Reputation: 5073
How can you write a python script to read Tensorboard log files, extracting the loss and accuracy and other numerical data, without launching the GUI tensorboard --logdir=...
?
Upvotes: 45
Views: 30066
Reputation: 1
Try this:
python << EOF | bat --color=always -pltsv
from contextlib import suppress
import sys
from time import gmtime, strftime
import pandas as pd
from tensorboard.backend.event_processing.event_file_loader import (
EventFileLoader,
)
df = pd.DataFrame(columns=["Step", "Value"])

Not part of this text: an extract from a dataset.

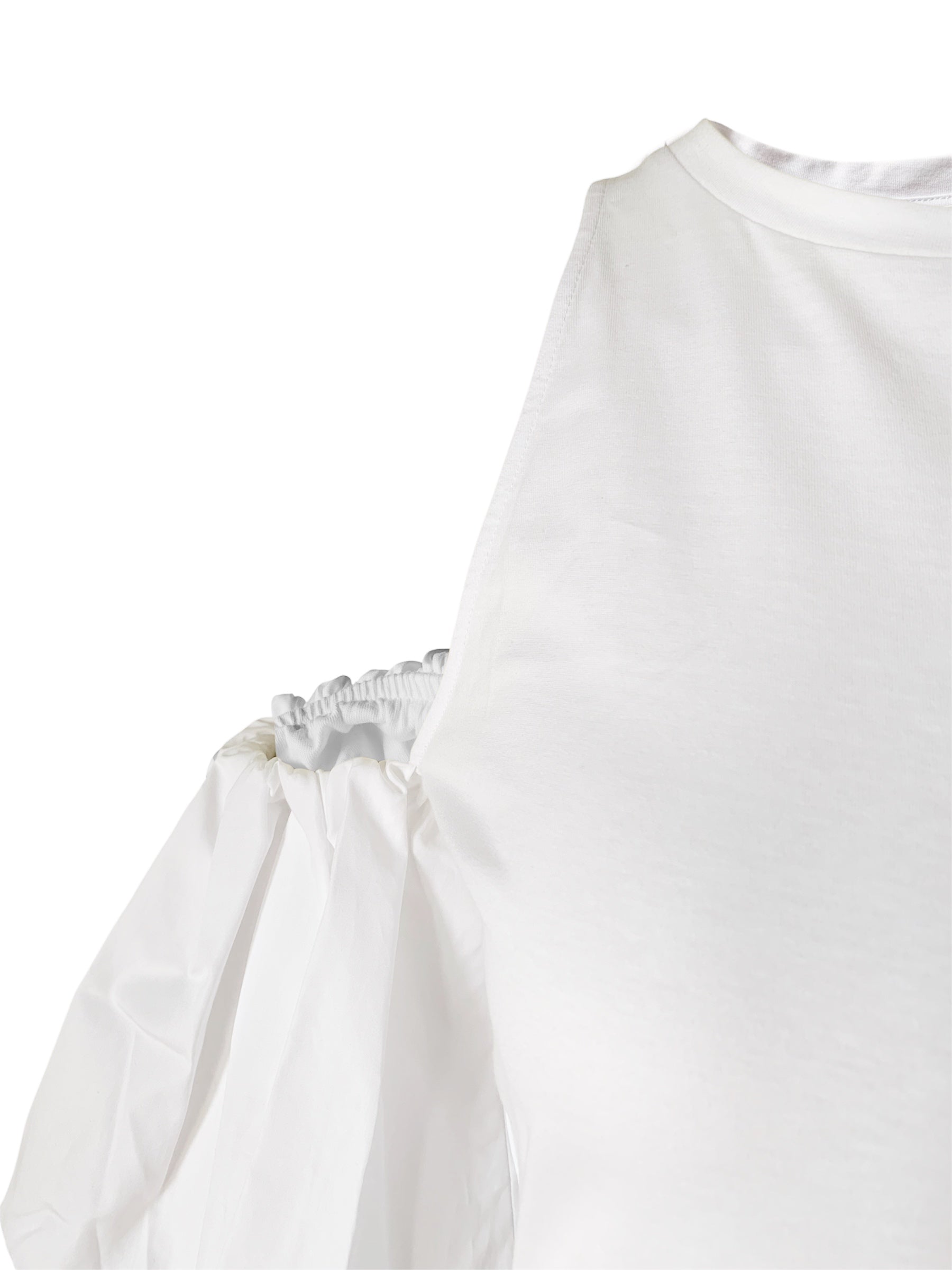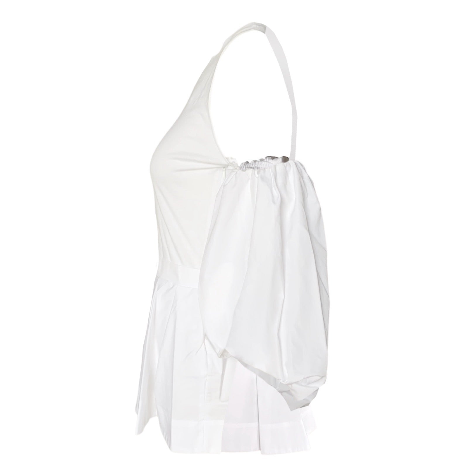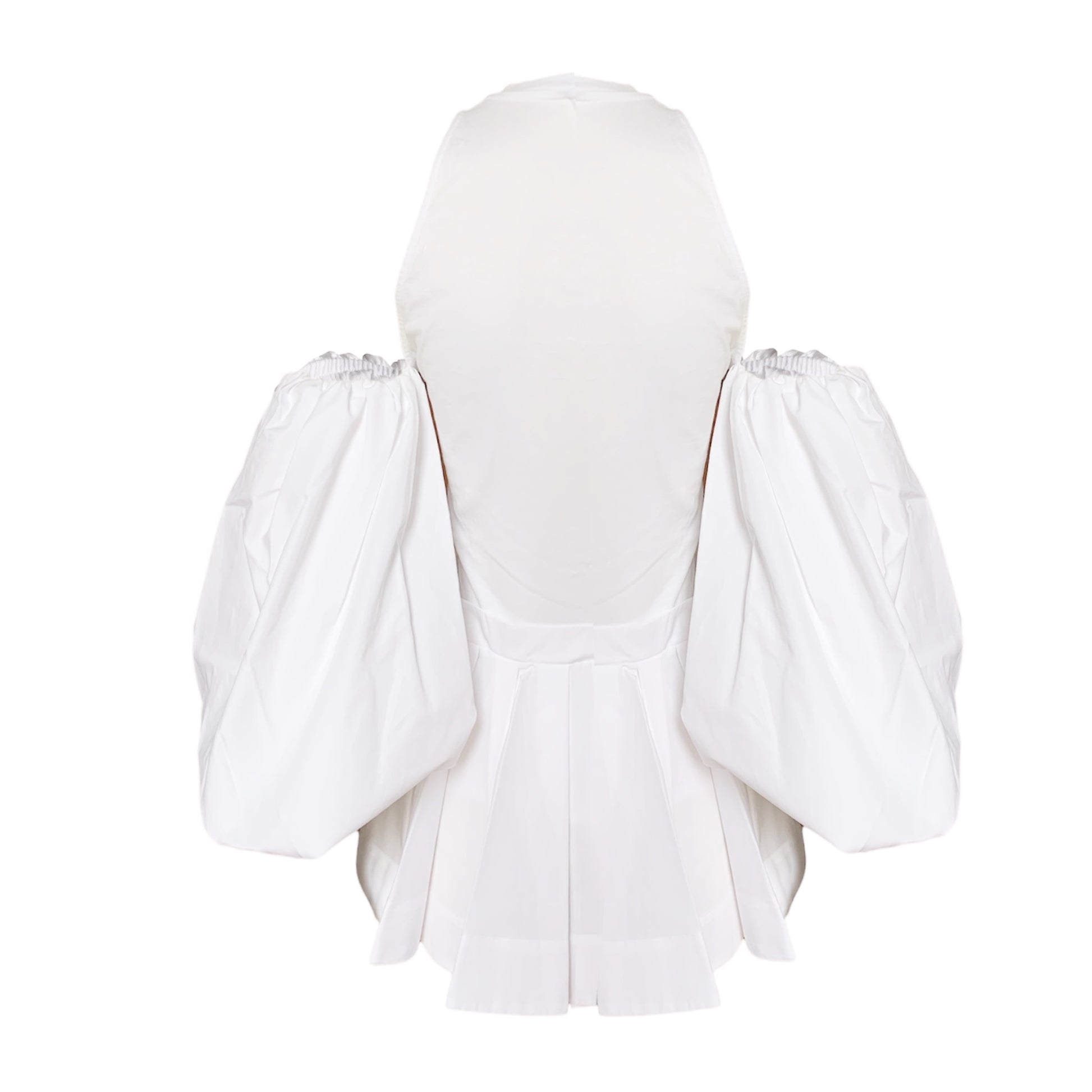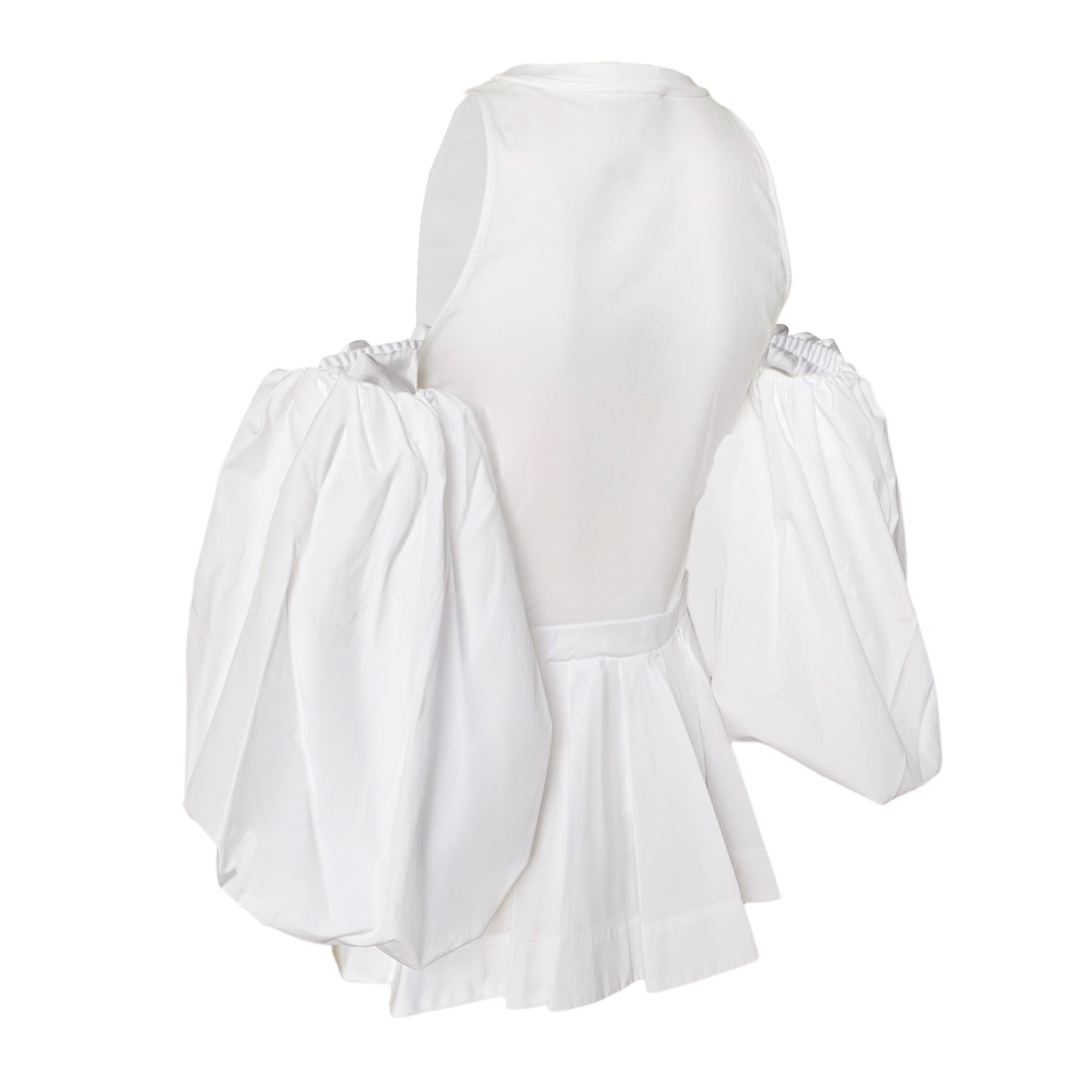 Mini abito con corpetto a canotta ed ampie maniche a sbuffo che lasciano intravedere le spalle, gonna a pieghe con sottogonna in tinta. Chiusura con zip laterale nascosta.

df.index.name = "YYYY-mm-dd HH:MM"
for event in EventFileLoader("$1").Load():
with suppress(IndexError):
df.loc[strftime("%F %H:%M", gmtime(event.wall_time))] = [ # type: ignore
event.step, # type: ignore
event.summary.value[0].tensor.float_val[0], # type: ignore
]
df.index = pd.to_datetime(df.index) # type: ignore
df.Step = df.Step.astype(int)
df.to_csv(sys.stdout, "\t")
EOF
bat is optimal.
Upvotes: 0
Reputation: 450
For anyone interested, I've adapted user1501961's answer into a function for parsing tensorboard scalars into a dictionary of pandas dataframes:
from tensorboard.backend.event_processing import event_accumulator
import pandas as pd
def parse_tensorboard(path, scalars):
"""returns a dictionary of pandas dataframes for each requested scalar"""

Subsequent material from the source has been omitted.